There is also an evidentiary limit worth keeping explicit: the current repo most directly validates one pattern well, namely structured extraction with controlled vocabularies. The architecture is suitable for adjacent contract-bound problems, but the strongest direct support in the repository today is still this example case.

Where the current implementation is strongest

Today, kestrel-evals is strongest in settings where the output contract is explicit and the failure modes are mechanical. That includes structured extraction outputs, controlled-vocabulary classification, prompt regressions on machine-consumable responses, and CI gating for LLM features with hard output constraints.

The narrower and more contract-bound the output, the more credible this harness is today. That makes it a strong fit for things like lead intake extraction, support ticket routing labels, metadata extraction, internal categorization workflows, and JSON response formatting for downstream automations.

It is less compelling, at least in its current form, for open-ended conversational evaluation or nuanced quality grading, which require different methods and a broader evidence base.

Future directions

The next sensible expansions are concrete rather than abstract. The provider abstraction already makes room for additional backends, so the most obvious next step is to add Anthropic, Azure OpenAI, or local OpenAI-compatible endpoints and run the same suites across them without rewriting the evaluation logic.
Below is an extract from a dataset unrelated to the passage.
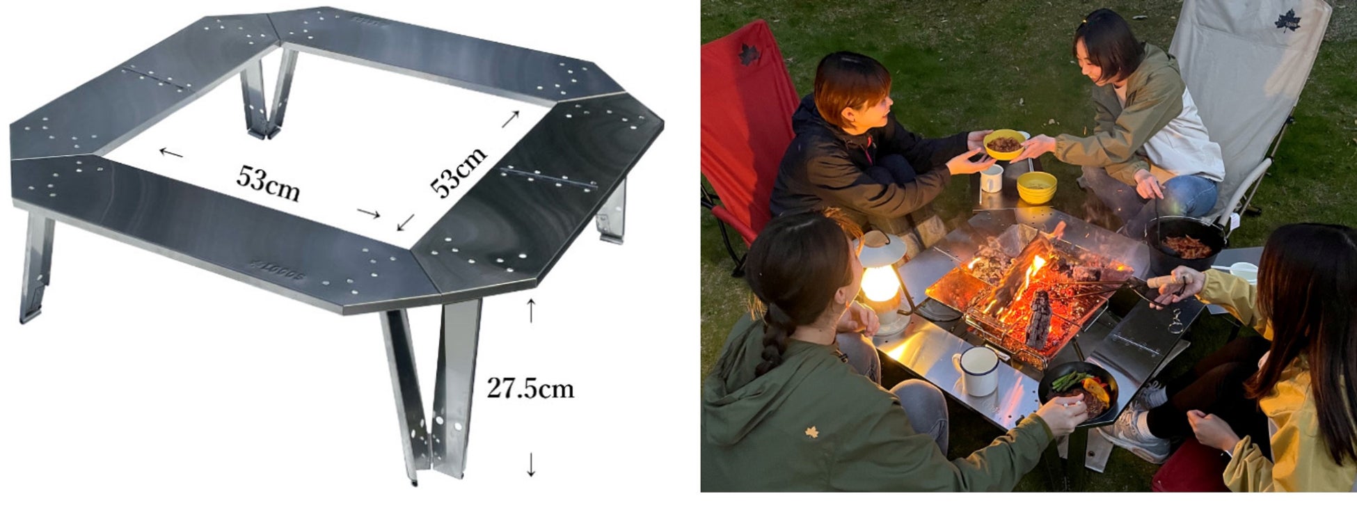 囲炉裏テーブルは、たき火を囲んで食事をする時に便利なアイテム。
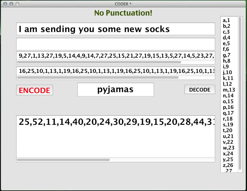 The ENCODE button has MY code in it [the children did NOT get that], but the DECODE button is empty at the moment.

Reporting is another clear next layer. The current JSON artifact is useful, but Markdown or HTML summaries would make inspection easier, especially if they include pass/fail diffs against a checked-in baseline and per-case change summaries between runs.
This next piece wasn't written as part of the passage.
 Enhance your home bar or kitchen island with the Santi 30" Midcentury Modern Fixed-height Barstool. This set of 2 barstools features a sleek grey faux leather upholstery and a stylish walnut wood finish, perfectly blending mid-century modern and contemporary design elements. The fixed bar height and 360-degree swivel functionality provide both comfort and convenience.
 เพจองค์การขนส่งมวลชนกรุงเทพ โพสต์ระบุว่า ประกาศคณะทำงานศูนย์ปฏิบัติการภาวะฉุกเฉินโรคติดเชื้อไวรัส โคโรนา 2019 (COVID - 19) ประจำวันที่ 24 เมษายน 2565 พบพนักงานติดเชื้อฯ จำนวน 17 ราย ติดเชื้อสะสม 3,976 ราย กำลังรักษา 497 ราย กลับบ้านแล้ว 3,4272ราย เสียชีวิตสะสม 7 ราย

Dataset and baseline management is also an obvious place to deepen the project. Named baselines, versioned datasets, and explicit “current run versus baseline” views would make it easier to track reliability over time rather than treating each run as an isolated event.
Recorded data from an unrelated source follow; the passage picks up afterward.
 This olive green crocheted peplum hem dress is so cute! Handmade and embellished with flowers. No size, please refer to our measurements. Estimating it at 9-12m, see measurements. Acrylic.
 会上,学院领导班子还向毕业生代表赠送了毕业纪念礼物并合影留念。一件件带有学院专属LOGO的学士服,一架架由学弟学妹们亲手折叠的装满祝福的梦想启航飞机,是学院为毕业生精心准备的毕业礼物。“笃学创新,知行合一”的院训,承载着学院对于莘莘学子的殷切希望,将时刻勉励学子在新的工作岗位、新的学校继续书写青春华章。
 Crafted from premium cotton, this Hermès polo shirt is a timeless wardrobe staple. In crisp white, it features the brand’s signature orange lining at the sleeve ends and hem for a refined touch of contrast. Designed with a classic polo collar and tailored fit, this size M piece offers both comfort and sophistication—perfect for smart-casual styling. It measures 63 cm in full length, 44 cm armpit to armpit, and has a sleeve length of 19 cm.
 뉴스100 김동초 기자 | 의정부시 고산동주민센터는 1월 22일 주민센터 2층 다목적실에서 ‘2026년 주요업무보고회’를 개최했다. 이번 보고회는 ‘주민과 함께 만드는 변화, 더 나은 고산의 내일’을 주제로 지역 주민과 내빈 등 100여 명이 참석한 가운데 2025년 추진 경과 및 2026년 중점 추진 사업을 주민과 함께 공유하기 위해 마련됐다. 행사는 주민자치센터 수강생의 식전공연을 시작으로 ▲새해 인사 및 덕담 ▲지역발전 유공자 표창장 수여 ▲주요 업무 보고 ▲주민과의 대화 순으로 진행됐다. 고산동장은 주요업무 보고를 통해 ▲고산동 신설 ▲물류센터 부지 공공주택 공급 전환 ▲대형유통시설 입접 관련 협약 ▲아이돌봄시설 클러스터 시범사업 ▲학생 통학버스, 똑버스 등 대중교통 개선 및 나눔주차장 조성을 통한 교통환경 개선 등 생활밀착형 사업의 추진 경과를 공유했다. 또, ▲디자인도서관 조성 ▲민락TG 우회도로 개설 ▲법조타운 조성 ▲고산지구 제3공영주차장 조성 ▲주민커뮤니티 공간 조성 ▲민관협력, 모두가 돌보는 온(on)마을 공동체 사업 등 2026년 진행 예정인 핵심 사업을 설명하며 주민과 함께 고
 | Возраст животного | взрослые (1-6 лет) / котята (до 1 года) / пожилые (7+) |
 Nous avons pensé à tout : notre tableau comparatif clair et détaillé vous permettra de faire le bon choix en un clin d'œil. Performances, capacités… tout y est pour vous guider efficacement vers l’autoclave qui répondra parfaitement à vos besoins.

Finally, rubric scoring may still be worth adding later, but only after deterministic gating remains solid. That order matters. The correct sequence is first to confirm that the contract holds, and only then to ask whether the output quality is good.

Conclusion

kestrel-evals is a deliberately small tool solving a real problem: making a class of LLM regressions testable in the same operational style as conventional software tests.

Its central argument is simple. If an LLM feature depends on output structure, deterministic validation should be the first evaluation layer, and CI should be able to fail when that contract breaks.

That is the contribution of this initial implementation. It is not a grand unified evaluation platform. It is a compact, production-minded harness for one of the most common and immediately useful evaluation patterns: deterministic gating of contract-bound LLM outputs.

So what?

The practical implication is that teams do not have to choose between prompt engineering in the dark and building a giant evaluation platform. There is a useful middle ground.

kestrel-evals shows that for contract-bound LLM features, a modest amount of structure goes a long way. Define the contract, codify the checks, run them locally, and gate CI on regressions. That does not make LLM behavior magically stable or universally reliable. What it does do is move one important class of prompt-dependent behavior closer to an ordinary software component: observable, testable, and easier to trust in production workflows.